業種:食品・消費財(アパレル、商品、飲食、耐久消費財、家電、家庭用品) / 業務:業務 / 用途:社内情報共有

創業370年の酒造メーカーの決断。
全社システムを「ERP+Webシステム」にして、Webシステムの基盤はintra-martフレームワークで統一

月桂冠株式会社(以降、月桂冠)は、2007年、全社システムを「ERP+Webシステム」のシンプルな構成へ整理して、全体最適を図っていく大方針を決断した。 ERPは、2010年4月に、SAP ERPをビッグバン導入する。一方のWebシステムは、intra-martで基盤フレームワークを確立し、さらにグループウェアなどの機能もintra-martのアプリケーションへと移行・統合していく。 月桂冠の全社システムを、「Quality・Creativity・Humanity」という基本理念に沿って革新していく基盤として、intra-martが選ばれたのである。

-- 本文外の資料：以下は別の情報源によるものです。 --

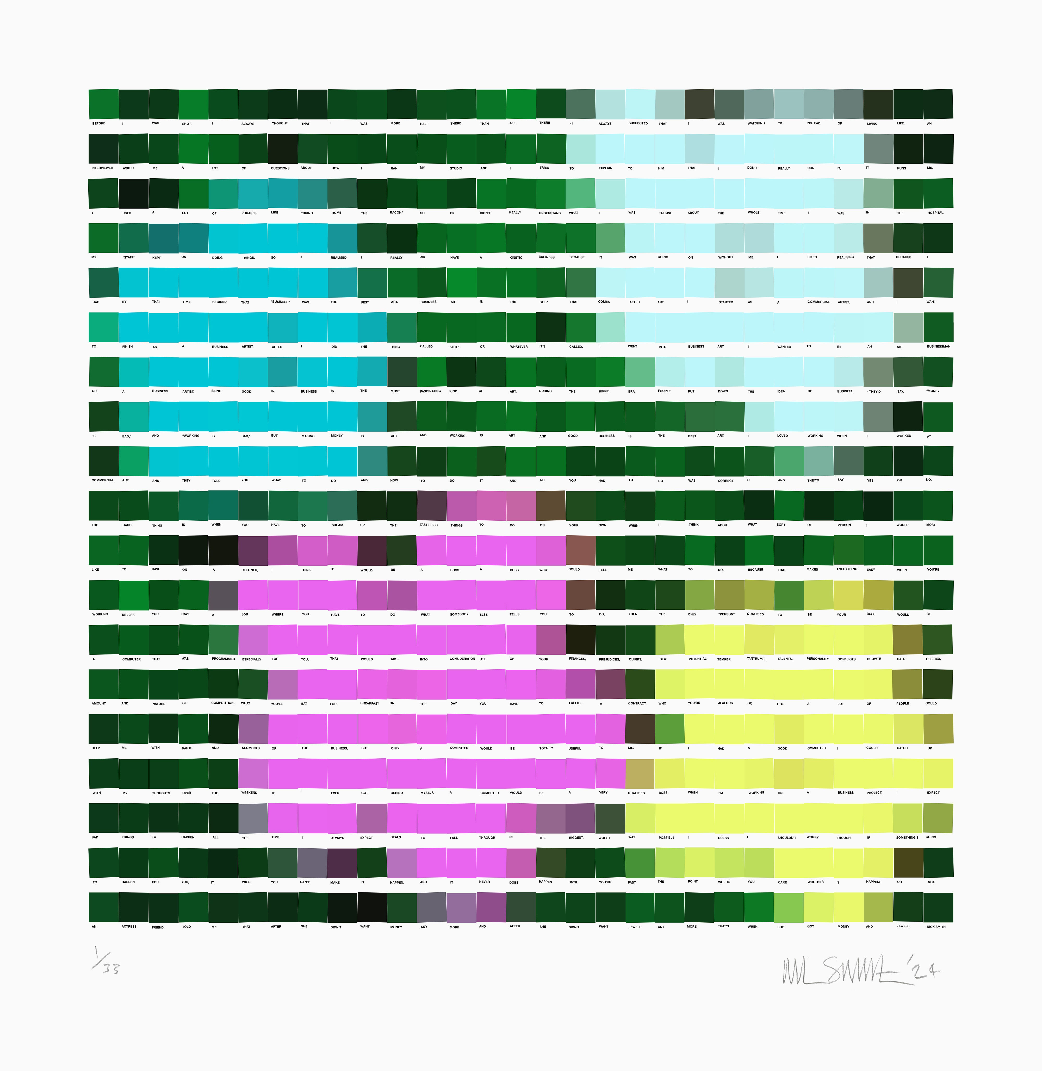 Smith's journey into pixel art began as a playful pastime, arranging colour swatches into patterns and rudimentary images. "Before diving into the art world, my background was in design, where colour swatches were a staple for referencing hues," he recalls. "My aim is to maintain a lively interaction with the audience, merging fine art with elements of popular culture."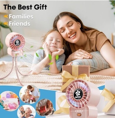 AMTIFO Pink Stroller Fan - USB Rechargeable, Quiet Cooling, 4 Mini,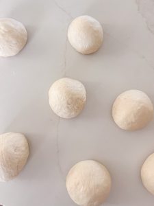 One it is weighed out, you can shape them into balls. Take a piece of dough and mold it into a rough circle. Place it on the counter and use your hand to shape it by moving it in a circle using one hand, creating surface tension on the dough. Place them on a large baking sheet covered in parchment paper. Cover in plastic wrap and let them rise until doubled in size. This may take a few hours. You can place them in the oven uner a proofing setting if you prefer to speed up the process. When they are close to being proofed, preheat the oven to 350 degrees.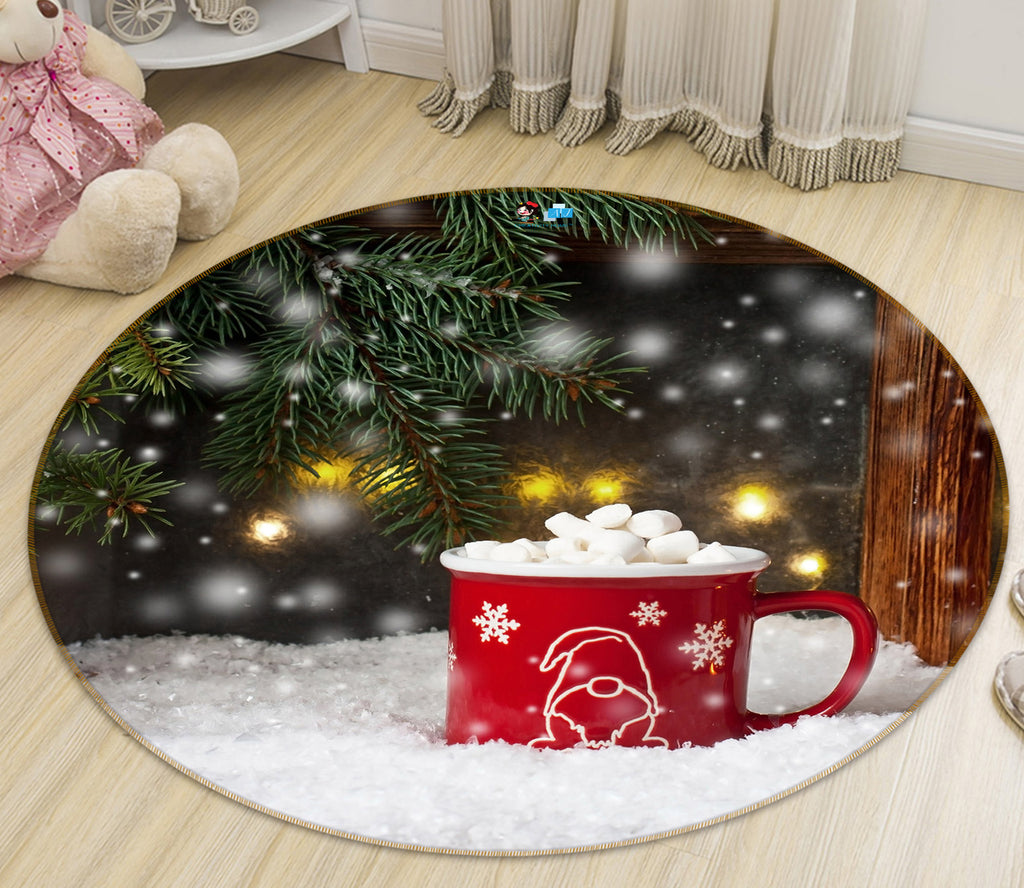 3D Snow Red Water Glass 56096 Christmas Round Non Slip Rug Mat Xmas Sinsin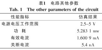 電路的其他方麵的性能仿真結果如表1所示。表1的仿真結果是在電源電壓為3.3 Vdetiaojiandecedede。youxiaodianliuzhideshizaidianluzhengchanggongzuodeqingkuangxiacongdianyuandaodizhijiandedianliu,guanduandianliuzhideshizaidianlubugongzuodeqingkuangxiacongdianyuandaodideloudianliu。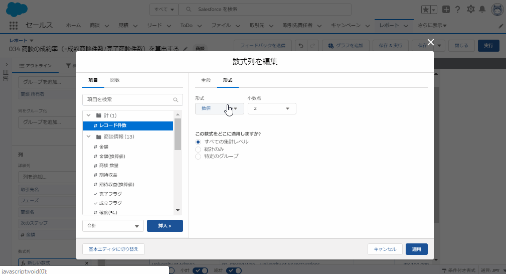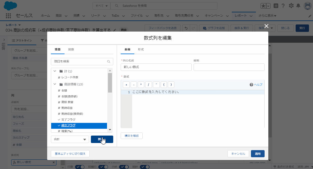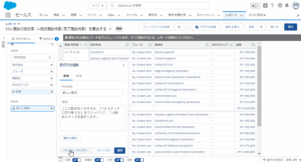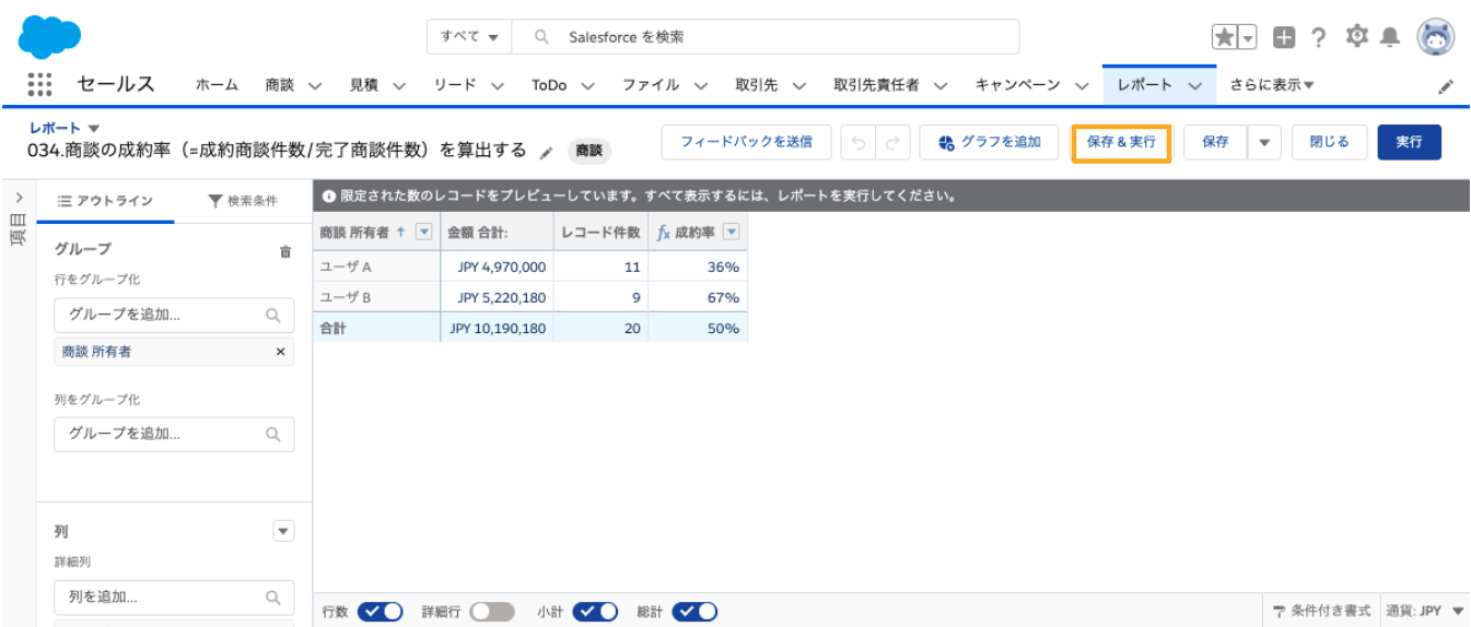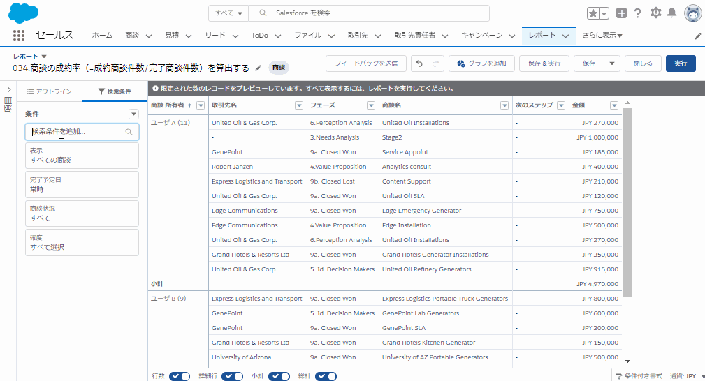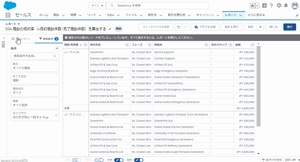【任意】詳細行を非表示とすることで、各商談所有者での成約率をみることが可能です

オープンシステムは JavaによるWebシステムに統一

1637年(寛永14年)、京都伏見で創業した月桂冠。明治以降は、酒造りに科学技術を導入し て、近代化を先導してきた。樽詰全盛の時代に、防腐剤ナシのびん詰を発売したのはそのひとつ。日本で初めて、年間を通じた酒造りを行なう四季醸造システムを開始し、近年では、米国で酒造蔵を稼動させて世界に日本酒を広めている。    IT利用にも革新的に取り組んできた。約20年前にメインフレームを導入し、酒造業界の先陣を 切って生産管理および販売管理をシステム化。グループウェアも1998年から利用している。  Web技術もいち早く導入した。  「8~10年ほど前、データウェアハウスを作って、社員が欲しいデータが見られるようにしたのが最初の動きでした。これを機に、メインフレームのエミュレータ端末から脱却して、オープンシステム上で自由にデータを活用したいという要求が高まってきました」と、情報システム部 情報システム第二課長 冨永 光則氏は説明する。  当初は、クライアント/サーバ・システムを次々に開発したが、クライアントへのソフトウェアの配布に限界を感じ、JavaによるWebシステムへの移行を進めた。  OSS(オープンソースソフトウェア)の利用も活発だ。OSSは、単一ベンダーの技術に縛られることなく、独自の改良・拡張を将来にわたって自在にできるため、主体性をもって開発期間短縮や変化への迅速な対応を追求していきたいという月桂冠の思いにぴったり適合するからである。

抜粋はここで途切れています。